TIPOS DE PRISÃO NO
EXISTENTES NO BRASIL
Entenda
as diferenças entre prisão temporária, preventiva, em flagrante, civil e para
efeitos de extradição – modalidades permitidas pela justiça brasileira.
Prisão Temporária: A prisão
temporária é uma modalidade de prisão utilizada durante uma investigação.

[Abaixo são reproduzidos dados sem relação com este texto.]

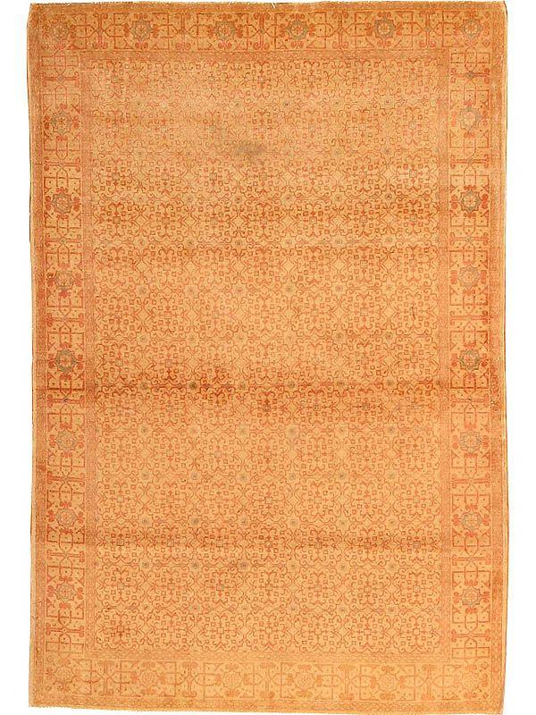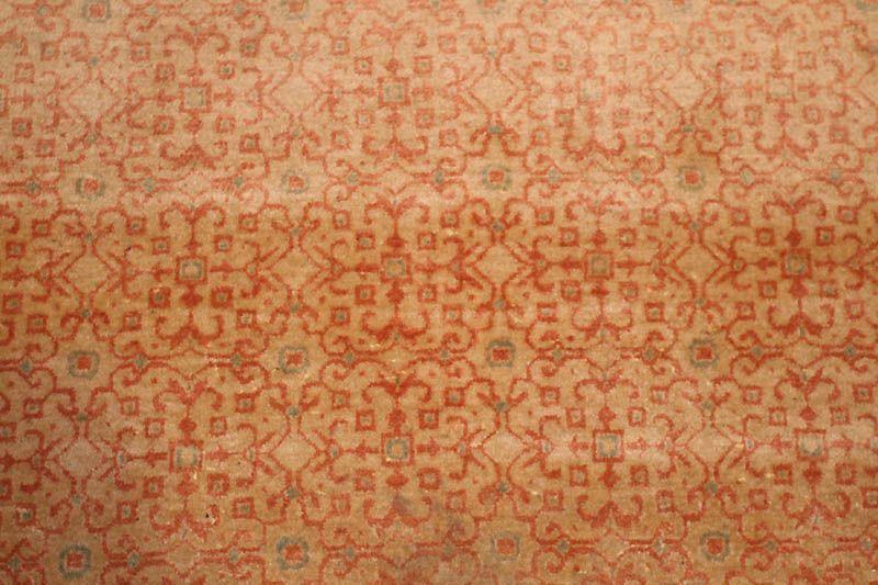 4.05 x 6.08 Circa 1920's Antique Kashan, Persia - A fine mesh of voluted cross-forms arranged as an allover design unfolds with minute and infinite precision across the surface of this sumptuous antique Kashan. A delicate 'Kufic' border based on the geometricized decorative Islamic script appropriately frames the field. Both the field and border are extraordinary within the Kashan production. They seem to follow Timurid designs from the very earliest attested period of Persian rug weaving. Despite the classic inspiration, the predominantly tan palette makes this piece a superior decorative carpet for contemporary use.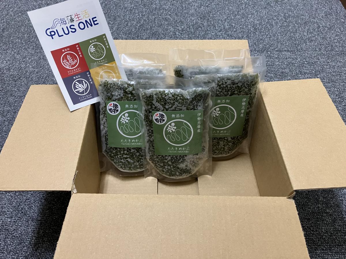 旬の時期に五十鈴川からの山の栄養と黒潮が混ざり合う栄養満点の伊勢湾で育った肉厚のめかぶは粘りも食感も抜群。海藻本来の風味も芳醇です。めんつゆやポン酢で味付けしてあったかいご飯にかけたりうどんやそばにかけて食べてもおいしくいただけます。また納豆とも相性がよくお味噌汁に入れていただいてもおいしく召し上がれます。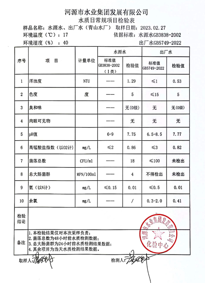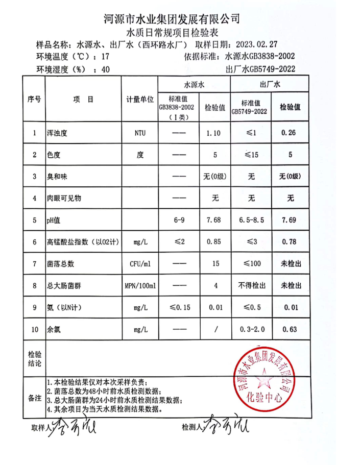 2023年2月27日水質檢驗報告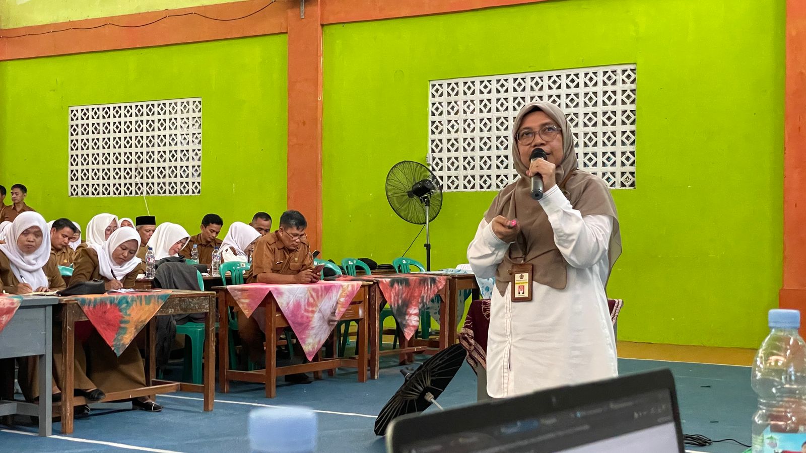 Penyuluh KPP Pratama Tasikmalaya, Fahmi Hidayat dan Ai Widiawati, menyampaikan hak dan kewajiban perpajakan bendahara satuan pendidikan selaku bagian dari pemotong dan/atau pemungut pajak.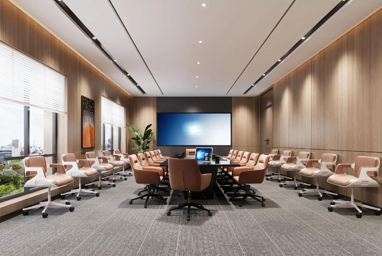 摒弃纯中式的繁复雕花与厚重装饰,萃取中式经典元素并进行现代简约化设计,以格栅、屏风、留白、水墨、实木等简约中式元素营造雅致氛围,色彩以胡桃木色、紫檀色、水墨灰、米白等中式经典色调为主,让空间兼具中式文化的雅致与现代设计的简洁,贴合商务办公的审美与氛围。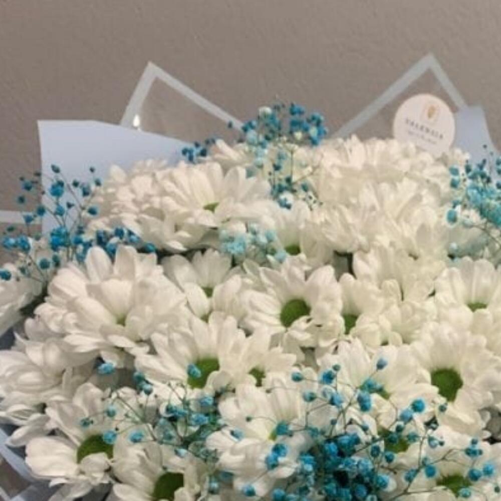 Хризантема кустовая – 25 шт.Гипсофила – 4 шт.Упаковка дизайнерская – 4 шт.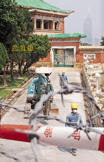 ■政府昨緊急刊憲,正式將擁有70年歷史的景賢里列作暫定古蹟,一年內不能清拆,早上地盤工人已停工,陸續運走泥頭車及清理建築物廢料。本報記者潘政祁 攝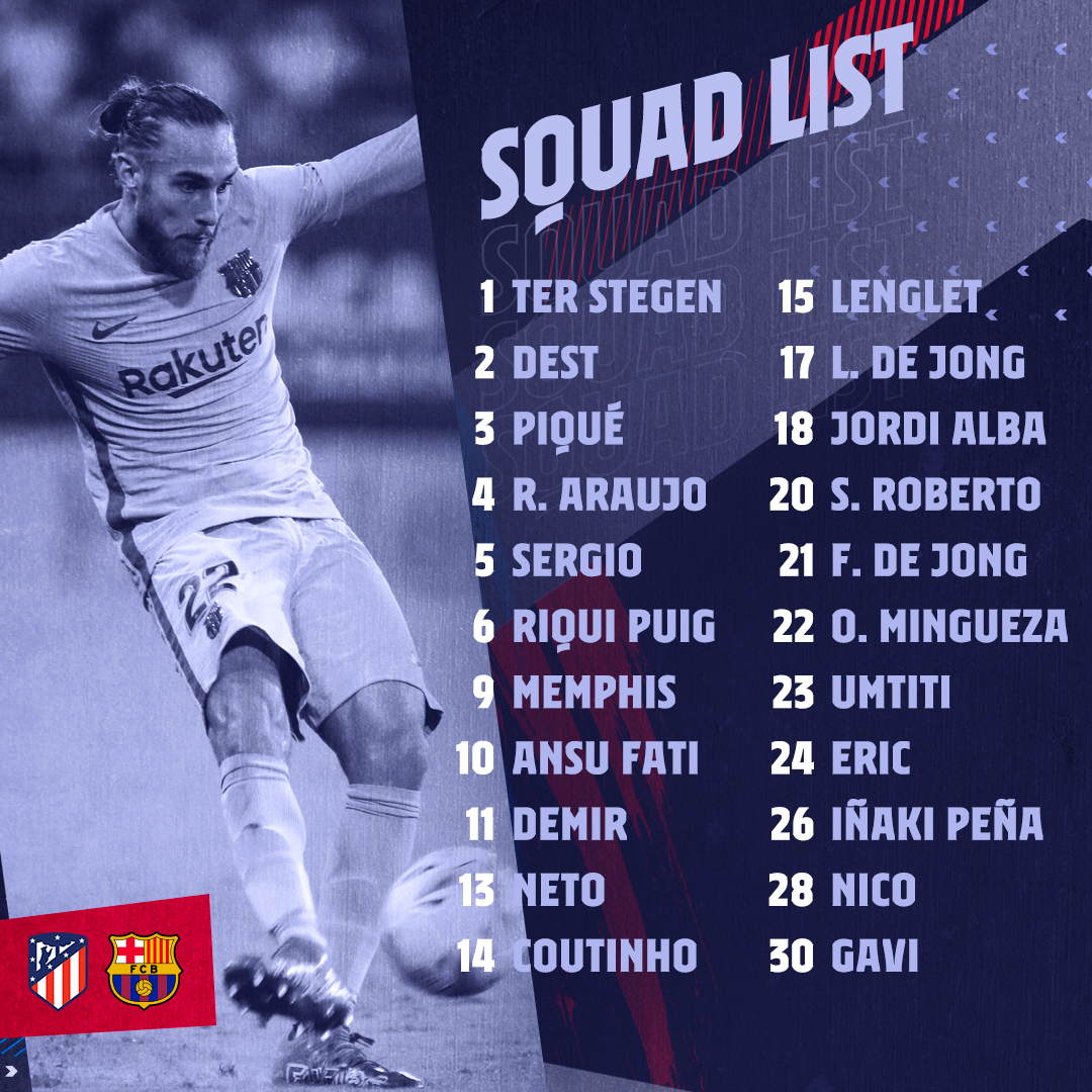 中场:5-布斯克茨、6-普吉、16-佩德里、20-罗贝托、21-弗朗基-德容、28-尼科-冈萨雷斯、30-加维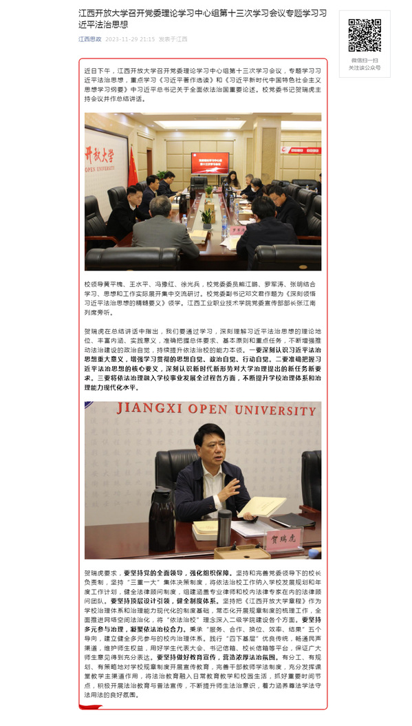 近日下午,必赢76net线路官网召开党委理论学习中心组第十三次学习会议,专题学习习近平法治思想,重点学习《习近平著作选读》和《习近平新时代中国特色社会主义思想学习纲要》中习近平总书记关于全面依法治国重要论述。校党委书记贺瑞虎主持会议并作总结讲话。

Geralmente é decretada para assegurar o sucesso de uma determinada diligência
“imprescindível para as investigações”. Conforme a Lei 7.960/89, que
regulamenta a prisão temporária, ela será cabível: I - quando imprescindível
para as investigações do inquérito policial; II - quando o indicado não tiver
residência fixa ou não fornecer elementos necessários ao esclarecimento de sua
identidade; III - quando houver fundadas razões, de acordo com qualquer prova
admitida na legislação penal, de autoria ou participação do indiciado nos
seguintes crimes de homicídio, sequestro, roubo, estupro, tráfico de drogas,
crimes contra o sistema financeiro, entre outros.
O
prazo de duração da prisão temporária, em regra, é de 5 dias. Entretanto,
existem procedimentos específicos que estipulam prazos maiores para que o
investigado possa permanecer preso temporariamente.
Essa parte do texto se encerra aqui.